[Provided information Boundary: Start]

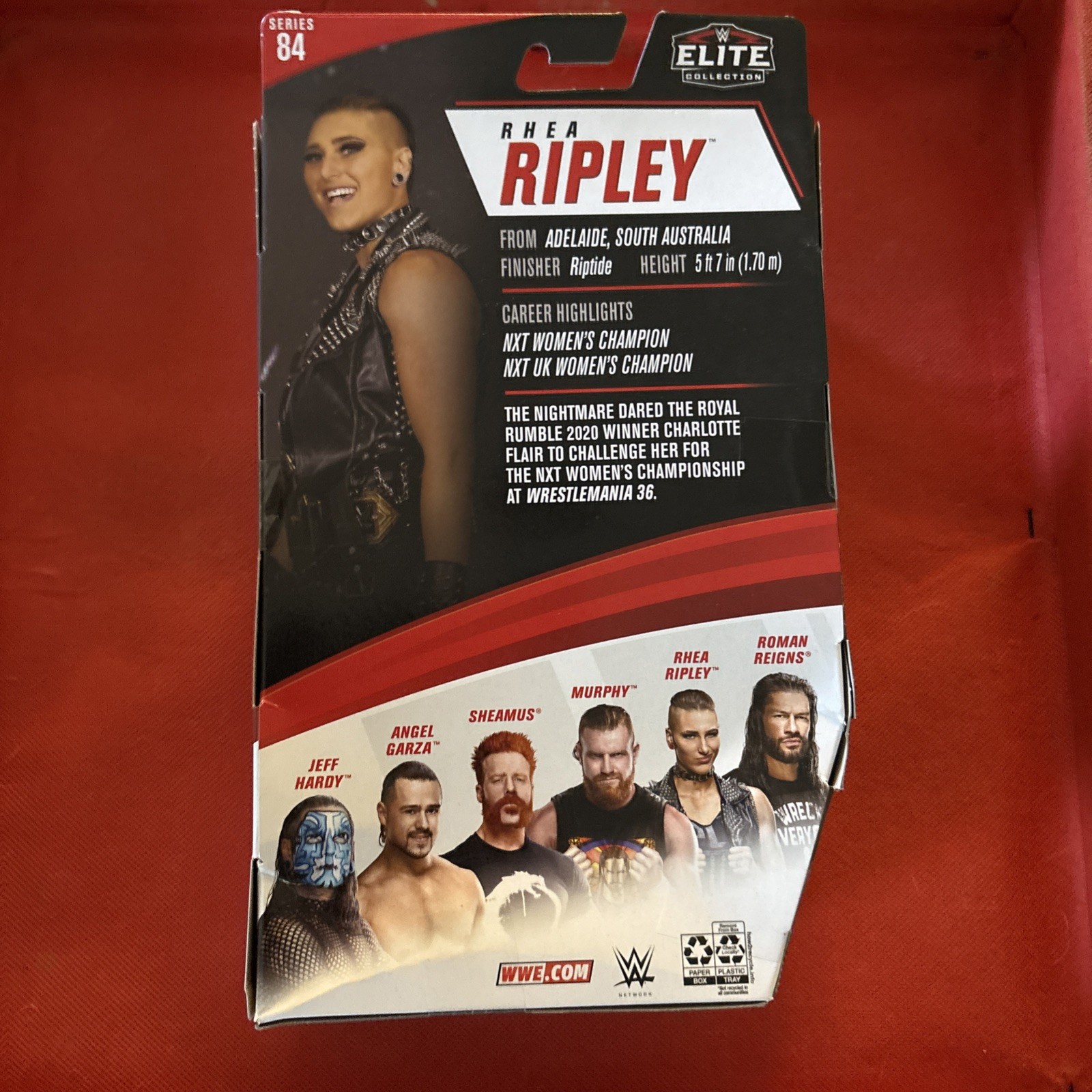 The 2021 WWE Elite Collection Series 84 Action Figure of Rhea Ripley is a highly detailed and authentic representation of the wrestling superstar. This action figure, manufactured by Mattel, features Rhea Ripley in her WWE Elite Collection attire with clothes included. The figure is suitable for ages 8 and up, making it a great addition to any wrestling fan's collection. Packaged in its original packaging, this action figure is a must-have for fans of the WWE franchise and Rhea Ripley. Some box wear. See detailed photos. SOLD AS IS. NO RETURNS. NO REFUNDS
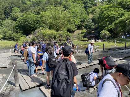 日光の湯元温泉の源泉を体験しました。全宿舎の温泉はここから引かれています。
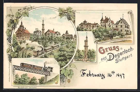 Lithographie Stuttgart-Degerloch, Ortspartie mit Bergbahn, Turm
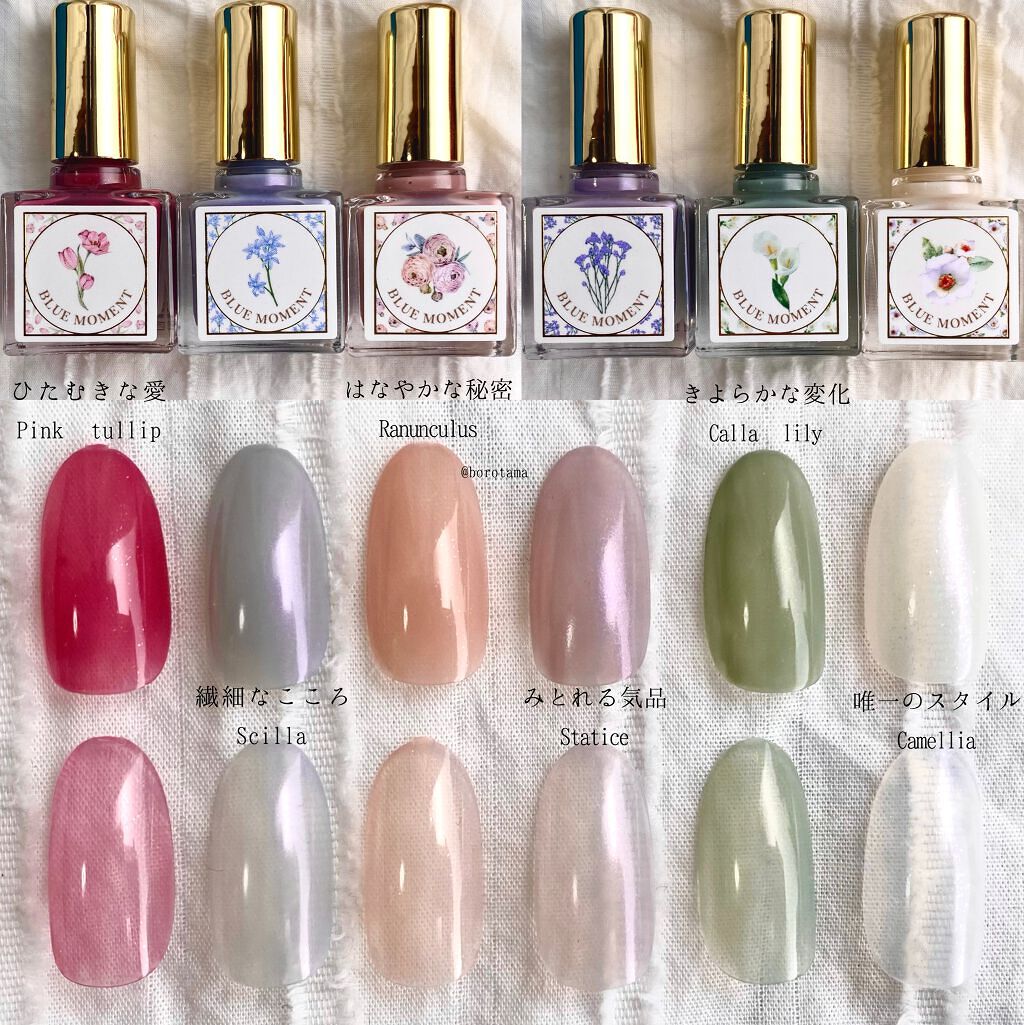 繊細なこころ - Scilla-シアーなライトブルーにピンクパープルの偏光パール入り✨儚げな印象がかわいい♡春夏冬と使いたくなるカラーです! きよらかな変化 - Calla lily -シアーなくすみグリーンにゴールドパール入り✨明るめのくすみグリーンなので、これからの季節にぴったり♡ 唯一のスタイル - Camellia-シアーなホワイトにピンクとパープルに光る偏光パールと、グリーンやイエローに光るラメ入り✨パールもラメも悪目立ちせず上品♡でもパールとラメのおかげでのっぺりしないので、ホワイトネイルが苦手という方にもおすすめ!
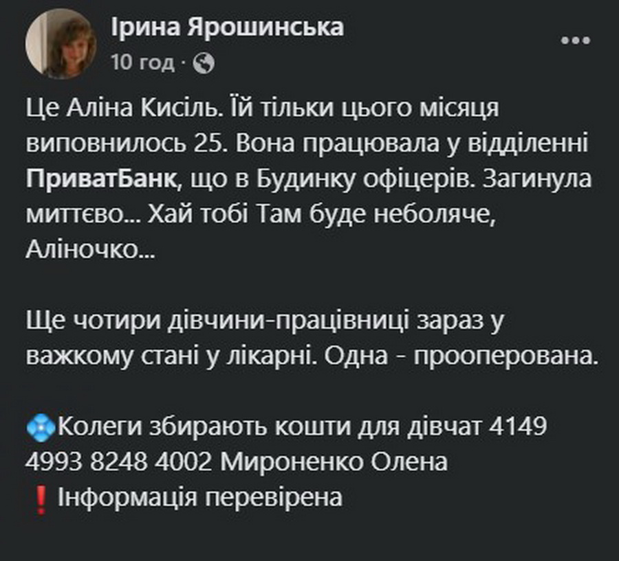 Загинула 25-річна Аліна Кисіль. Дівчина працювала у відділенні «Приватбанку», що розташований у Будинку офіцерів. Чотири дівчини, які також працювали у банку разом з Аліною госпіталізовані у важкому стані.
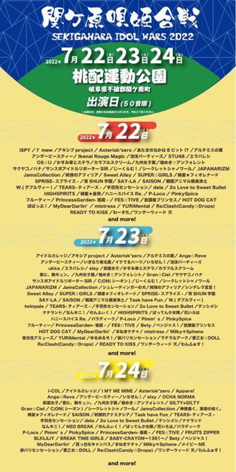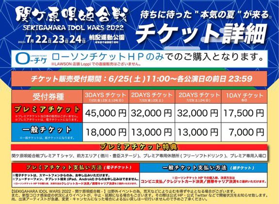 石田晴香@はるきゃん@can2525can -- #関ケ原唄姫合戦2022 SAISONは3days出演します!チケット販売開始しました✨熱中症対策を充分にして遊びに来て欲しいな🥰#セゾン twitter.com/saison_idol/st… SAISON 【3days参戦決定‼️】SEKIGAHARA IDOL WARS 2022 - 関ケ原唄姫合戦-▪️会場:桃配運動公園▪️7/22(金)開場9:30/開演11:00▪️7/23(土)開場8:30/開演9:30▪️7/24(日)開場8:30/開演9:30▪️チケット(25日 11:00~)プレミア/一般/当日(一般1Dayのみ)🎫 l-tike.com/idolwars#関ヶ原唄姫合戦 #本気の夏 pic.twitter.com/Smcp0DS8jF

[Provided information Boundary: End]

What you need to do:
From the line with "きよらかな変化 - Calla" up to and including the line with "Загинула 25-річна Аліна" above, retype every line exactly and nothing more; leave out the pictures.

Result below:
 繊細なこころ - Scilla-シアーなライトブルーにピンクパープルの偏光パール入り✨儚げな印象がかわいい♡春夏冬と使いたくなるカラーです! きよらかな変化 - Calla lily -シアーなくすみグリーンにゴールドパール入り✨明るめのくすみグリーンなので、これからの季節にぴったり♡ 唯一のスタイル - Camellia-シアーなホワイトにピンクとパープルに光る偏光パールと、グリーンやイエローに光るラメ入り✨パールもラメも悪目立ちせず上品♡でもパールとラメのおかげでのっぺりしないので、ホワイトネイルが苦手という方にもおすすめ!
 Загинула 25-річна Аліна Кисіль. Дівчина працювала у відділенні «Приватбанку», що розташований у Будинку офіцерів. Чотири дівчини, які також працювали у банку разом з Аліною госпіталізовані у важкому стані.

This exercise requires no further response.